Original: http://wurong81.spaces.live.com/blog/cns! 5eb4a630986c6ecc! 393. Entry
Radix tree used by Linux Kernel
1. Introduction
In the page cache of the Linux kernel, each data block of a file can correspond to only one page cache. It manages these cache items through two data structures, Radix tree and two-way linked list. Radix tree is a search tree. the Linux kernel uses this data structure to quickly locate cache items through file offset. It is one of the address indexes of Radix tree, the radix tree has a split of 4 (22) and a tree height of 4. It is used to quickly locate the 8-bit file offset. Each leaf node in the radix tree points to the cache entry corresponding to the corresponding offset in the file.
In Linux, the radix tree can be described as follows:
The number of forks shown in this figure is 2 ^ 2 = 4. Its height is 3. Each node contains a height field to mark the maximum binary integer at the root of the subtree to optimize the search speed. Of course, a Global Array like the following is required:
Static unsigned long height_to_maxindex [radix_tree_max_path + 1];
2. Important differences from basic Radix trees
(1) The corresponding key value is an integer in the binary format, rather than a string. The integer is much faster than the string. All leaf nodes correspond to the long integer value, that is, the address space value.

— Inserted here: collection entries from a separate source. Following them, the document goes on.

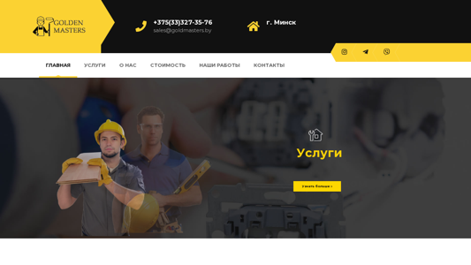 | AI-анализ | --- This website, titled "goldmasters.by", is a home services business offering various repair, installation, and maintenance services. The description mentions the keywords "ремонт" (repair), "работы" (works), "установка" (installation), "стоимость" (price), "мебели" (furniture), "час" (hourly), "услуги" (services), "сборка" (assembly), "подключение" (connection), "мастер" (master), "byn" (Belarusian currency), and "нас" (us). The top words include "ремонт" (repair) and "работы" (works) with a frequency of 13 and 11 occurrences, respectively. The website provides services like electrical, plumbing, carpentry, and stucc |
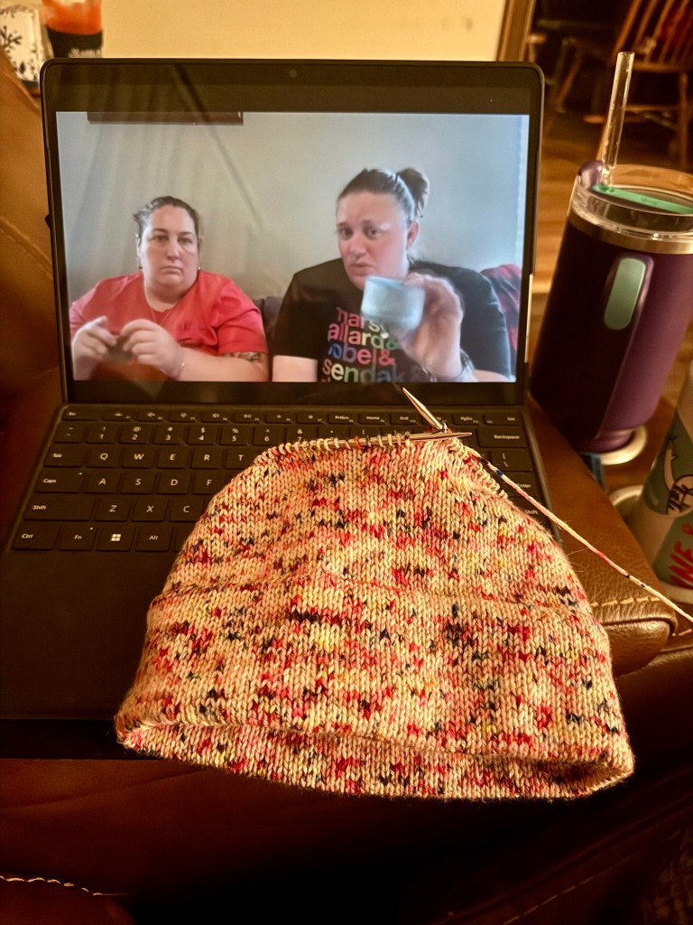 I am WOEFULLY behind on my KnitGirllls podcast, like months. So I camped out on the couch and stayed up way to late binging YouTube. The silver lining? My Sea Slug hat got quite a lot of knitting done on it.
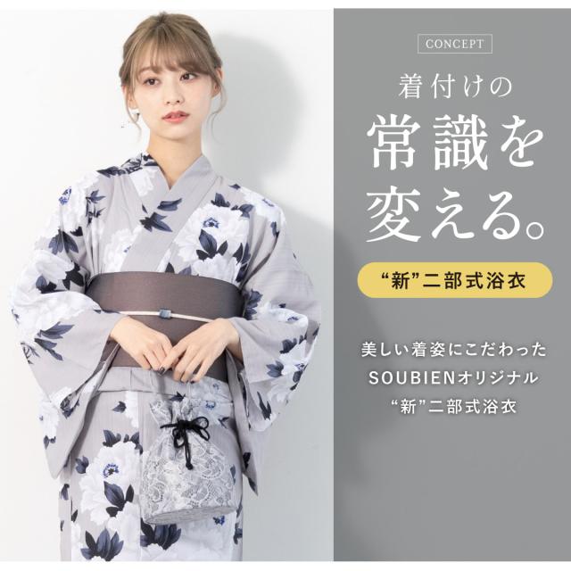 ※新二部式浴衣(上衣+下衣+おはしょり布)・帯・伊達締め・下駄の4点セットです。セット内容の一部変更や、それに伴う値引きは承っておりません。
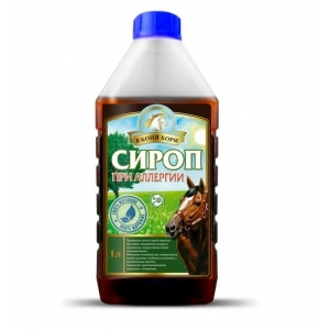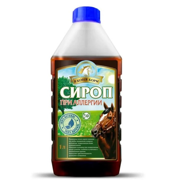 Производитель: "В коня корм", Россия Показания: применение этого сиропа показано при любых проявлениях аллергии: крапивнице, аллергическом отеке, конъюнктивите. Облегчает состояние при аллергическом кашле и рините, особенно в сочетании с дыхательным сиропом. Уменьшает чувствительность организма к аллергенам. Противопоказания: индивидуальная непереносимость компонентов. Состав: экстракты череды, фиалки трехцветной, крапивы, ромашки, хмеля, кошачьего когтя, липового цвета, лимонная кислота, сахарная сиропная основа. Способ применения и дозы: сироп дают перорально взрослым лошадям по 50-70 мл, жеребятам и пони по 20-30 мл (в зависимости от массы животного), 2-3 раза в день. Курс лечения составляет 7-14 дней, в зависимости от состояния лошади и длительности воздействия аллергенов.
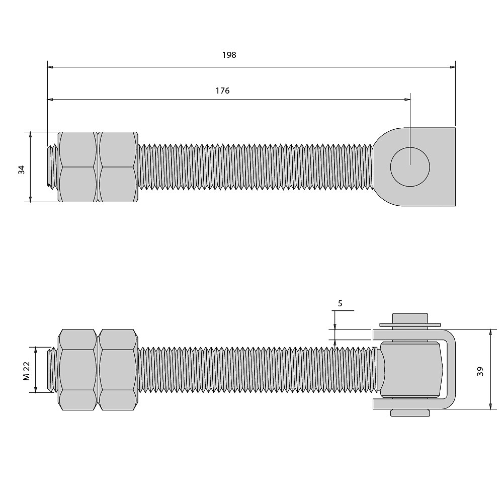Gozne largo para atornillar con placa para atornillar M22 – 200 kg
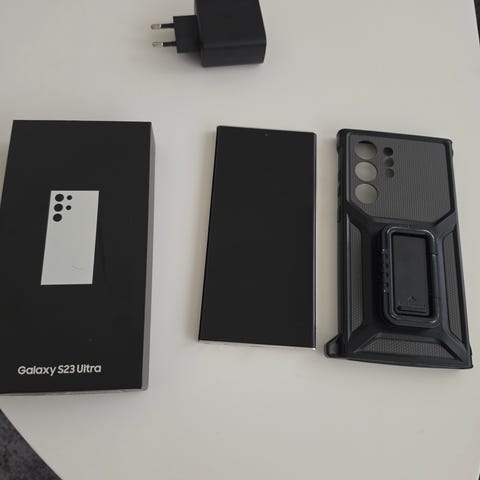 Säljer en Samsung Galaxy S23 Ultra i grönt.

(2) When backward Link (forking) is described by a binary integer, the path edge does not contain any actual content. You only need to backward link to describe a path, this is the same as the standard trie structure. The binary representation is a decimal value, that is, four backward links of "0, 1, 2, 3. 3. Implementation key:
(1) The number of backward links varies with different systems, such as lib/radix-tree.c has the following define:
# Ifdef _ KERNEL __
# Define radix_tree_map_shift (config_base_small? 4: 6)
# Else
# Define radix_tree_map_shift 3/* for more stressful testing */
# Endif
# Define radix_tree_map_size (1ul <radix_tree_map_shift)
# Define radix_tree_map_mask (RADIX_TREE_MAP_SIZE-1)
In other words, in kernel applications, if config_base_small is marked, each node provides 2 ^ 4 = 32 forks; otherwise, 2 ^ 6 = 64 forks. Radix_tree_map_mask indicates 4 or 6 digits. Apparently, the maximum depth is:
# Define radix_tree_index_bits (8/* char_bit */* sizeof (unsigned long ))
# Define radix_tree_max_path (div_round_up/
(Radix_tree_index_bits, radix_tree_map_shift ))
(2) Because insert/delete needs to maintain the height field of each node, it is not simply based on the split and merge of the basic Radix tree, but needs to adjust the height value of the relevant node, it is implemented by calling radix_tree_extend and radix_tree_shrink respectively.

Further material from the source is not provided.